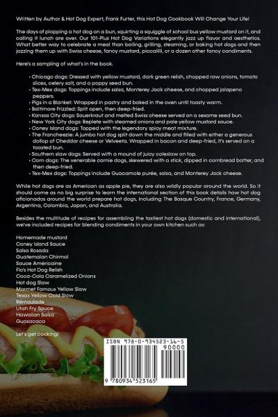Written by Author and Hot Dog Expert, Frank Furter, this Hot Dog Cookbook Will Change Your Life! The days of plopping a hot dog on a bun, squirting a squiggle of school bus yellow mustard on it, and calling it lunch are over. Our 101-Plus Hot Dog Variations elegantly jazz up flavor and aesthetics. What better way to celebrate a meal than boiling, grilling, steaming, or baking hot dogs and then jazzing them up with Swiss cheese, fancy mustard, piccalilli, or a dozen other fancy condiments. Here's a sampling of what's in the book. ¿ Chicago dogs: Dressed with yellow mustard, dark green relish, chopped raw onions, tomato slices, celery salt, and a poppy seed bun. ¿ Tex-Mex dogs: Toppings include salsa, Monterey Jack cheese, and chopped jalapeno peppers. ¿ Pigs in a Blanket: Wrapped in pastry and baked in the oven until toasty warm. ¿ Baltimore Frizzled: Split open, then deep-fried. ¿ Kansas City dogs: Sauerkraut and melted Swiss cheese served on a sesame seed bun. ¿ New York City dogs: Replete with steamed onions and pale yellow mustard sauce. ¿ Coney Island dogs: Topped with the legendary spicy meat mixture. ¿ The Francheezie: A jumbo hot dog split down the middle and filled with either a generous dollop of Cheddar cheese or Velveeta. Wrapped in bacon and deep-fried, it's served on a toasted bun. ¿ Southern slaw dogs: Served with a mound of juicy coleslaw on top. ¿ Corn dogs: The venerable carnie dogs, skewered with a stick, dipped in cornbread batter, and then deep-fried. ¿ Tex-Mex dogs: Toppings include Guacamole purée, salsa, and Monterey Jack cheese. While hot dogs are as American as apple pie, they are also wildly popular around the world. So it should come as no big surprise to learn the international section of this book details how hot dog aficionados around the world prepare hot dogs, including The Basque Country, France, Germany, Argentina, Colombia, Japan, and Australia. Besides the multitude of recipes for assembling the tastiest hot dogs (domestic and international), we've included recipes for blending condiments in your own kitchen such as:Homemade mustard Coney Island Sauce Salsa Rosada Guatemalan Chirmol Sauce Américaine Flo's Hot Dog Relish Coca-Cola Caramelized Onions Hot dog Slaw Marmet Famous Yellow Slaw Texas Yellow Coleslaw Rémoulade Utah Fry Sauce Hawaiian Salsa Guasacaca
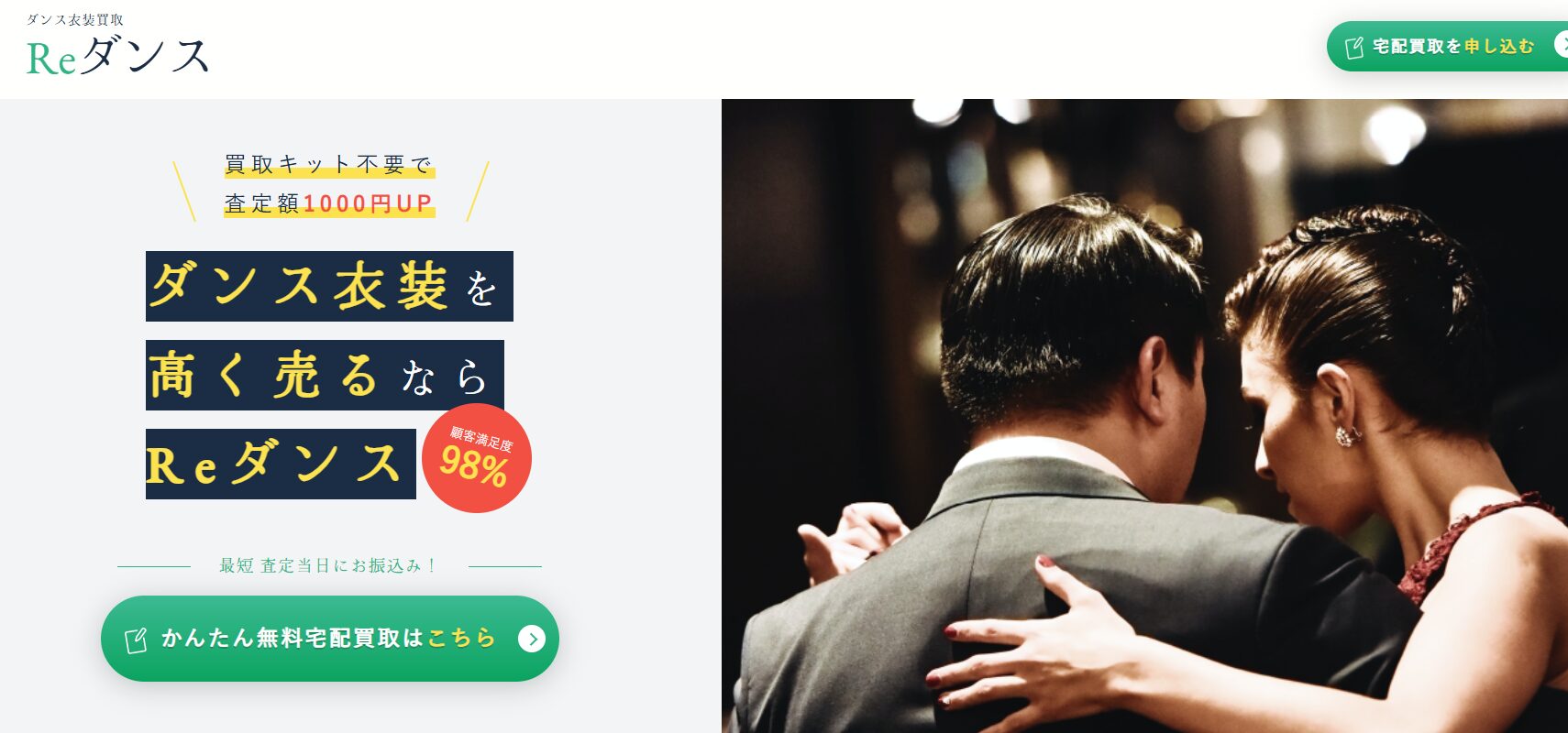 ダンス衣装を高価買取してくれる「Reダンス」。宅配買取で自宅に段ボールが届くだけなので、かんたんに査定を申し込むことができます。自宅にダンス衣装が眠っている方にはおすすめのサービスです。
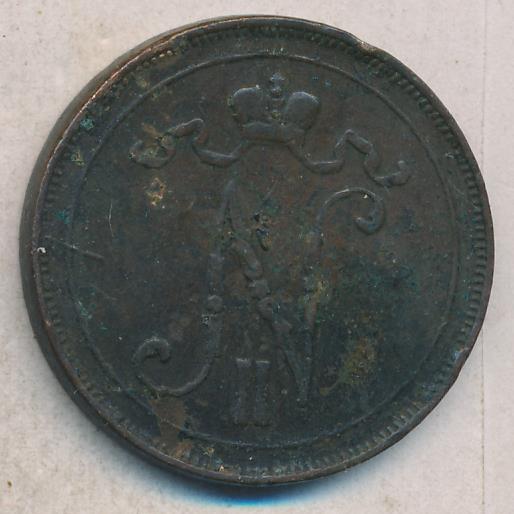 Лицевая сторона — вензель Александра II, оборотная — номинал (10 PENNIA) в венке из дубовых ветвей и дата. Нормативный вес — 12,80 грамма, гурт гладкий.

++++++++

• TASK DESCRIPTION: Return the full listing above exactly as written, and omit the pictures.

• SOLUTION TO THIS EXERCISE:
Written by Author and Hot Dog Expert, Frank Furter, this Hot Dog Cookbook Will Change Your Life! The days of plopping a hot dog on a bun, squirting a squiggle of school bus yellow mustard on it, and calling it lunch are over. Our 101-Plus Hot Dog Variations elegantly jazz up flavor and aesthetics. What better way to celebrate a meal than boiling, grilling, steaming, or baking hot dogs and then jazzing them up with Swiss cheese, fancy mustard, piccalilli, or a dozen other fancy condiments. Here's a sampling of what's in the book. ¿ Chicago dogs: Dressed with yellow mustard, dark green relish, chopped raw onions, tomato slices, celery salt, and a poppy seed bun. ¿ Tex-Mex dogs: Toppings include salsa, Monterey Jack cheese, and chopped jalapeno peppers. ¿ Pigs in a Blanket: Wrapped in pastry and baked in the oven until toasty warm. ¿ Baltimore Frizzled: Split open, then deep-fried. ¿ Kansas City dogs: Sauerkraut and melted Swiss cheese served on a sesame seed bun. ¿ New York City dogs: Replete with steamed onions and pale yellow mustard sauce. ¿ Coney Island dogs: Topped with the legendary spicy meat mixture. ¿ The Francheezie: A jumbo hot dog split down the middle and filled with either a generous dollop of Cheddar cheese or Velveeta. Wrapped in bacon and deep-fried, it's served on a toasted bun. ¿ Southern slaw dogs: Served with a mound of juicy coleslaw on top. ¿ Corn dogs: The venerable carnie dogs, skewered with a stick, dipped in cornbread batter, and then deep-fried. ¿ Tex-Mex dogs: Toppings include Guacamole purée, salsa, and Monterey Jack cheese. While hot dogs are as American as apple pie, they are also wildly popular around the world. So it should come as no big surprise to learn the international section of this book details how hot dog aficionados around the world prepare hot dogs, including The Basque Country, France, Germany, Argentina, Colombia, Japan, and Australia. Besides the multitude of recipes for assembling the tastiest hot dogs (domestic and international), we've included recipes for blending condiments in your own kitchen such as:Homemade mustard Coney Island Sauce Salsa Rosada Guatemalan Chirmol Sauce Américaine Flo's Hot Dog Relish Coca-Cola Caramelized Onions Hot dog Slaw Marmet Famous Yellow Slaw Texas Yellow Coleslaw Rémoulade Utah Fry Sauce Hawaiian Salsa Guasacaca
 ダンス衣装を高価買取してくれる「Reダンス」。宅配買取で自宅に段ボールが届くだけなので、かんたんに査定を申し込むことができます。自宅にダンス衣装が眠っている方にはおすすめのサービスです。
 Лицевая сторона — вензель Александра II, оборотная — номинал (10 PENNIA) в венке из дубовых ветвей и дата. Нормативный вес — 12,80 грамма, гурт гладкий.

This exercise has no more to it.